**Task description:** Beginning with the line that contains "Каждый болтовой соединитель" in the material below, print each line exactly until the line that contains "將輸入信號變換為兩路相互隔離" has been printed, then stop.

**Input records:**
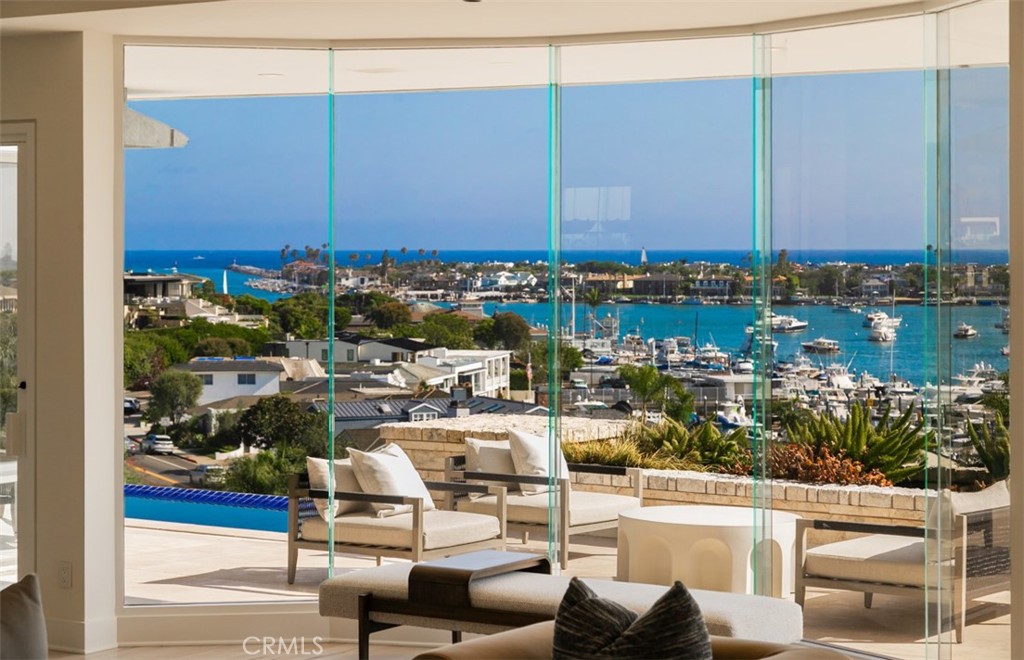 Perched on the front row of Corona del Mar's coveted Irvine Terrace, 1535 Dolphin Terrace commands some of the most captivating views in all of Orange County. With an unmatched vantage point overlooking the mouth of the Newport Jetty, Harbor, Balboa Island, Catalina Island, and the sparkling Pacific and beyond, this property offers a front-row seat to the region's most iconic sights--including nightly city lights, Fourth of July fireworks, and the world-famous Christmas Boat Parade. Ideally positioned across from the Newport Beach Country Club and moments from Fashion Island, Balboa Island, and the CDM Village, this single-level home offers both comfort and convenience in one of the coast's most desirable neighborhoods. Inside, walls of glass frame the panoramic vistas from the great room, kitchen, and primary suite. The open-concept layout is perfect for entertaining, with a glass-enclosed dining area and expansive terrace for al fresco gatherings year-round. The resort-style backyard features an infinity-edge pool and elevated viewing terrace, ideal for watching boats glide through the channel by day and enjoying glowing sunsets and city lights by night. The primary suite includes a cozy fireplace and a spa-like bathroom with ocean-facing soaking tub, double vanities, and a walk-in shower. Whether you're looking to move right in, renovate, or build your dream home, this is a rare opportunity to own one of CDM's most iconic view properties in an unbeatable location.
---
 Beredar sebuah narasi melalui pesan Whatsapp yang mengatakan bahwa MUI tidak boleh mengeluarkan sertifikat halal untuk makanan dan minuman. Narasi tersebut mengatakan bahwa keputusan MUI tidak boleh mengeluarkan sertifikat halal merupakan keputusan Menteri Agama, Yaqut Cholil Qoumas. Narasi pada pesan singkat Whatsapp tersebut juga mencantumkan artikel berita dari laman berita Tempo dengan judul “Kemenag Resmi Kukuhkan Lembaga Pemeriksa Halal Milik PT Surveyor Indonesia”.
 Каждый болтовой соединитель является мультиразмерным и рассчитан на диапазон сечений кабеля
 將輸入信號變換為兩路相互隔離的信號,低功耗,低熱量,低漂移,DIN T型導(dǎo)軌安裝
* * *
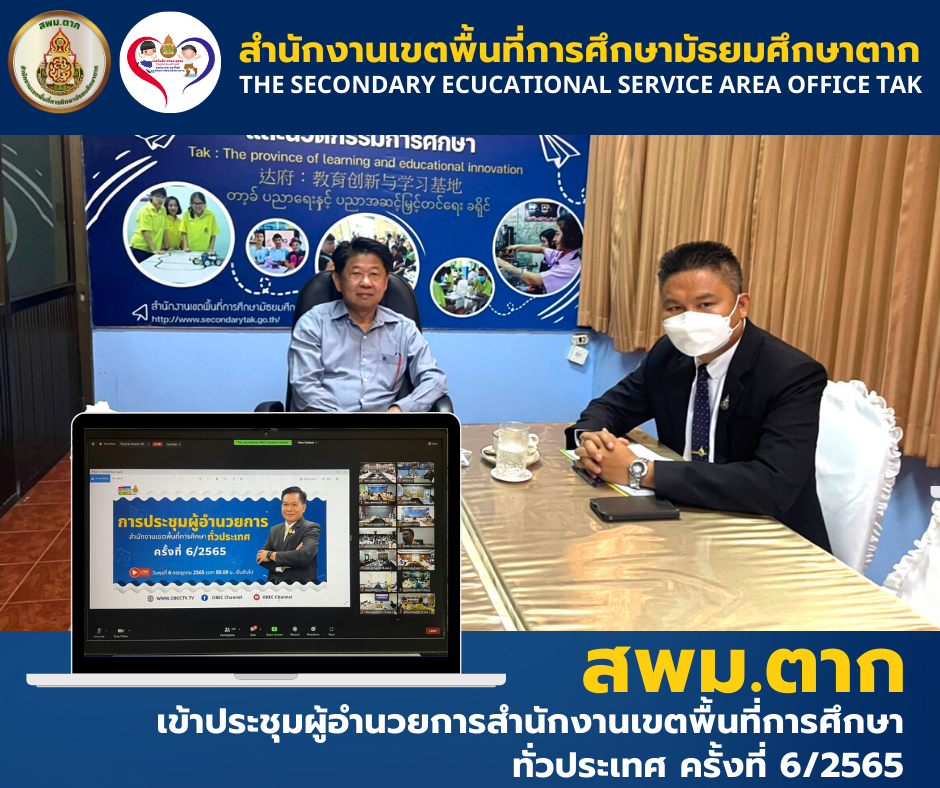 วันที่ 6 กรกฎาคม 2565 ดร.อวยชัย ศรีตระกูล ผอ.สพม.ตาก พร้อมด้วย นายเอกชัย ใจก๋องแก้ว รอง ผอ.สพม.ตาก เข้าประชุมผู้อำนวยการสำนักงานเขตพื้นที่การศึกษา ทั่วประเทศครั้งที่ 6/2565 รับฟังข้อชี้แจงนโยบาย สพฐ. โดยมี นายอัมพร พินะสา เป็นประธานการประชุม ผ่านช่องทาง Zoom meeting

**Output of the exercise:**
 Каждый болтовой соединитель является мультиразмерным и рассчитан на диапазон сечений кабеля
 將輸入信號變換為兩路相互隔離的信號,低功耗,低熱量,低漂移,DIN T型導(dǎo)軌安裝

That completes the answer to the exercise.